This paper provides an overview of SQL Server 2019 Big Data Cluster with VxRail HCI. It illustrates how developers and data scientists can benefit from using this data management and analytics platform with Docker containers, Kubernetes, vSphere, and SQL Server on Red Hat Enterprise Linux.
We have used these reference configurations with various sizes of big datasets to characterize and tune the cluster nodes, pods, and HDFS parameters to help you get a head start at deploying this solution. Using Intel Xeon Scalable processors, VxRail HCI allows customers to start small and grow by scaling up capacity and performance.
Our case study addresses big data storage and tools for handling big data. We split the eight tables of TPC-H data across multiple data sources—Big Data Cluster storage pool (HDFS), Big Data Cluster data pool (SQL Server), and stand-alone MongoDB database and Oracle database instances. Our SQL Server Solutions engineering team modified all 22 of the TPC-H queries so that tables were selected from different data sources. Using data virtualization with PolyBase, the queries were successful, running without error and returning the results that joined all four data sources.
Data virtualization does not involve physically copying and moving the data, so the data is available to business users in real time.

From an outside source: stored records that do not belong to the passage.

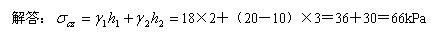 γ=17kN/m3 ;第二層為粉質(zhì)秸土厚4m, γ=19kN/時(shí), ds=2.73, w=31%;第三層淤泥質(zhì)蒙古土厚6m, γ= 18. 2kN/時(shí), ds=2. 74, w=41% ;第四層粉土厚3m, γ= 19. 5kN/ 時(shí), ds=2.72, w=27%;第五層砂巖未打穿。第四層底面處的自重應(yīng)力為(C)kPa。
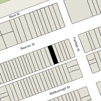 361 Beacon is located on the south side of Beacon, between Fairfield and Gloucester, with 359 Beacon to the east and 363 Beacon to the west.
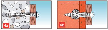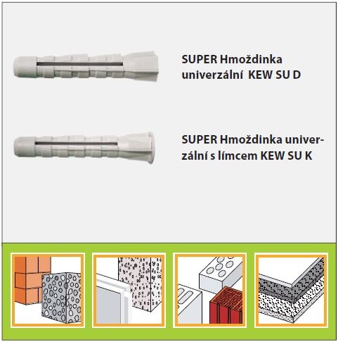 Šrouby s háčkem nebo okem musí mít nutně při kotvení s univerzální hmoždinkou v dutých materiálech a deskách či panelech opěrnou pevnou podložku, aby došlo k zauzlení. V sádrokarto-nových deskách a pod. by se mělo vrtat vrtákem na kov nebo dřevo pro dosažení čistého otvoru a zamezení vylomení sádry. U plynosilikátu nebo pórobetonu, jakož i lehkých, dutých či děrovaných stavebních materiálů se doporučuje vrtat o 1 mm menší otvor, a to bez příklepu.
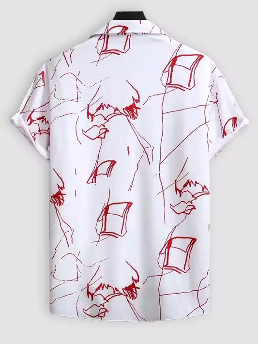 White and Red Design Beach and casual Multicolor Printed Shirt Cotton Material Half Sleeves Mens blackdock
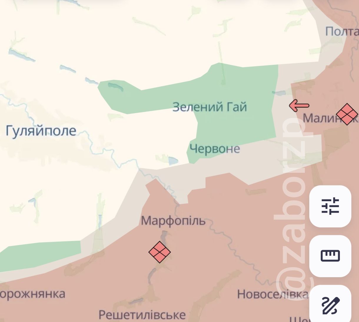 Разом із тим, аналітики проєкту DeepState повідомили, що росіяни просунулися на Запорізькому напрямку — ворог тисне в районі Малинівки. В також просувається поблизу Філії та Охотничого.
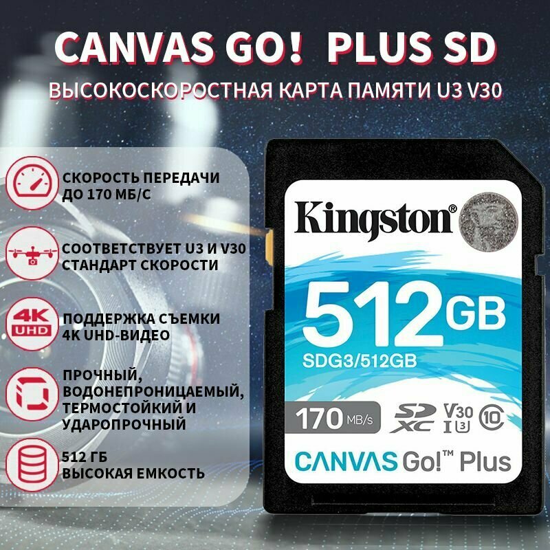 Карта Памяти 512Gb Kingston Canvas Go Plus Sdxc Uhs-i U3 V30 (170/90 Mb/s) Sdg3/512gb .
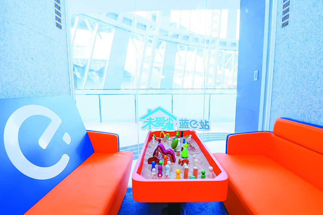 近日,位于饿了么上海总部的“未爱小屋·蓝e站”正式挂牌,这也是普陀区内第8个服务于未成年人心理健康的公益空间(上图)。
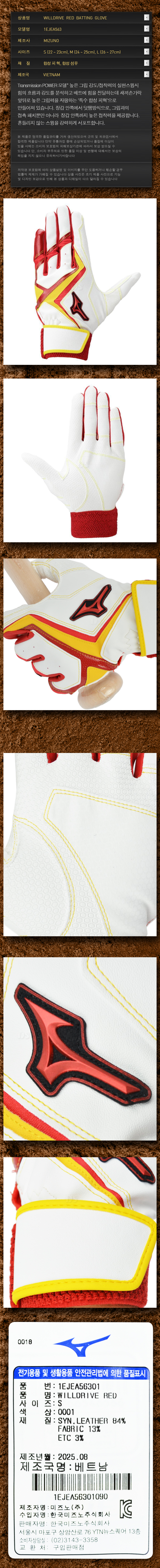 제품명 : MIZUNO윌드라이브배팅장갑56301[흰적]

Big Data Cluster simplifies and centralizes access to and analysis of the organization’s data sphere. It enables IT to simplify management by consolidating big data and data virtualization on one platform with a proven set of tools.
To help ensure an organization’s success on the digital transformation journey, IT needs a highly scalable infrastructure and service automation. We showed how the combination of Docker containers, Kubernetes, and the vSphere CSI plug-in enables fast and easy provisioning of the Big Data Cluster services. The initial installation of Big Data Cluster took approximately 3 hours. With automation, subsequent refreshes took less than 30 minutes.
In our use case, the key to this increase in deployment speed was the capability to seamlessly provision persistent storage on the VxRail system. Without automated storage provisioning, administration would have been required for all the Big Data Cluster services—the SQL Server master instance, data pool, compute pool, and storage pool.
Our testing shows that customers can virtualize Docker containers and achieve important benefits including the capability to securely isolate a Big Data Cluster instance on a VxRail system.